Hussain, Badra; Simm, Roger; Bueno, Jaime; Giannettou, Savvas; Naemi, Ali-Oddin; Lyngstadaas, Ståle Petter; Haugen, Håvard Jostein.
Afiliación
  • Hussain B; Department of Biomaterials, Institute of Clinical Dentistry, University of Oslo, Oslo, Norway.
  • Simm R; Institute of Oral Biology, University of Oslo, Oslo, Norway.
  • Bueno J; Department of Biomaterials, Institute of Clinical Dentistry, University of Oslo, Oslo, Norway.
  • Giannettou S; Section of the Postgraduate program in Periodontology, Faculty of Dentistry, Complutense University, Madrid (UCM), Madrid, Spain.
  • Naemi AO; Department of Biomaterials, Institute of Clinical Dentistry, University of Oslo, Oslo, Norway.
  • Lyngstadaas SP; Institute of Oral Biology, University of Oslo, Oslo, Norway.
  • Haugen HJ; Department of Biomaterials, Institute of Clinical Dentistry, University of Oslo, Oslo, Norway.

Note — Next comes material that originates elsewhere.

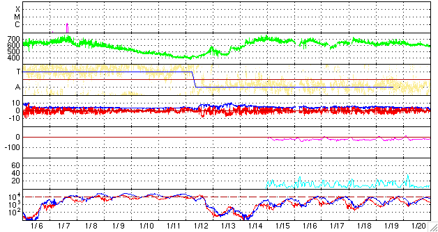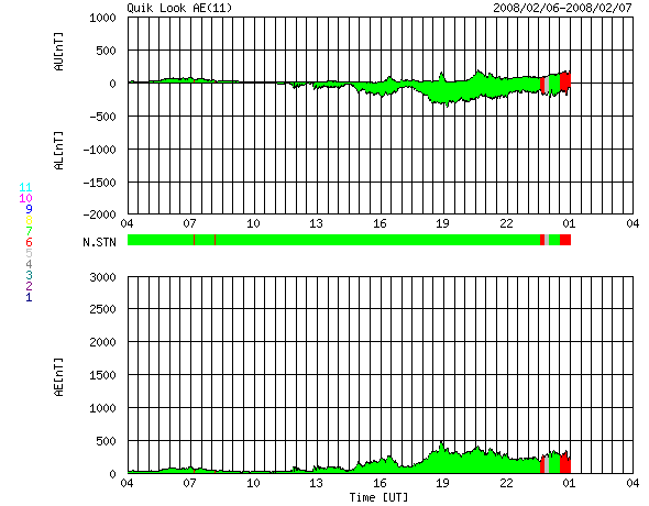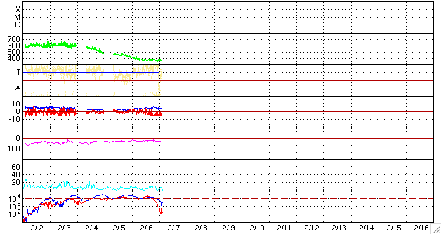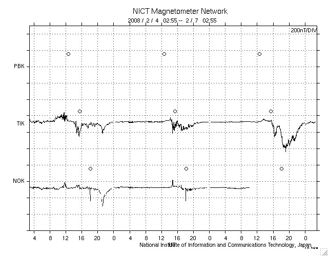ACEが観測した太陽風の磁場(1番上の枠、白線は全体の強度、赤線は南北成分) および、太陽風の密度(3番目の橙線)、速度(4番目の黄線) (c) NOAA/SWPC ![]() リアルタイムAE指数 下段のAEグラフの値が高くなると、オーロラ活動が活発化しています。 (c) 京都大学, NICT ![]() シベリアで観測された3日間の磁場データ 右側の3分の1が、昨日のデータになります。グラフが上がったり下がったりすると、オーロラ活動が活発化しています。 (c) NICT ![]() 27日の太陽周期に合わせたデータプロット 太陽が同じ面を地球に向けていた27日前の変化から、今後を予想することができます。 (c) NICT

Regen Biomater ; 11: rbae014, 2024.
Article en En | MEDLINE | ID: mdl-38435376
ABSTRACT
Eradicating biofouling from implant surfaces is essential in treating peri-implant infections, as it directly addresses the microbial source for infection and inflammation around dental implants. This controlled laboratory study examines the effectiveness of the four commercially available debridement solutions '(EDTA (Prefgel®), NaOCl (Perisolv®), H2O2 (Sigma-Aldrich) and Chlorhexidine (GUM® Paroex®))' in removing the acquired pellicle, preventing pellicle re-formation and removing of a multi-species oral biofilm growing on a titanium implant surface, and compare the results with the effect of a novel formulation of a peroxide-activated 'Poloxamer gel (Nubone® Clean)'. Evaluation of pellicle removal and re-formation was conducted using scanning electron microscope (SEM), energy-dispersive X-ray spectroscopy and X-ray photoelectron spectroscopy to assess the surface morphology, elemental composition and chemical surface composition. Hydrophilicity was assessed through contact angle measurements. The multi-species biofilm model included Streptococcus oralis, Fusobacterium nucleatum and Aggregatibacter actinomycetemcomitans, reflecting the natural oral microbiome's complexity. Biofilm biomass was quantified using safranin staining, biofilm viability was evaluated using confocal laser scanning microscopy, and SEM was used for morphological analyses of the biofilm. Results indicated that while no single agent completely eradicated the biofilm, the 'Poloxamer gel' activated with 'H2O2' exhibited promising results. It minimized re-contamination of the pellicle by significantly lowering the contact angle, indicating enhanced hydrophilicity. This combination also showed a notable reduction in carbon contaminants, suggesting the effective removal of organic residues from the titanium surface, in addition to effectively reducing viable bacterial counts. In conclusion, the 'Poloxamer gel + H2O2' combination emerged as a promising chemical decontamination strategy for peri-implant diseases. It underlines the importance of tailoring treatment methods to the unique microbial challenges in peri-implant diseases and the necessity of combining chemical decontaminating strategies with established mechanical cleaning procedures for optimal management of peri-implant diseases.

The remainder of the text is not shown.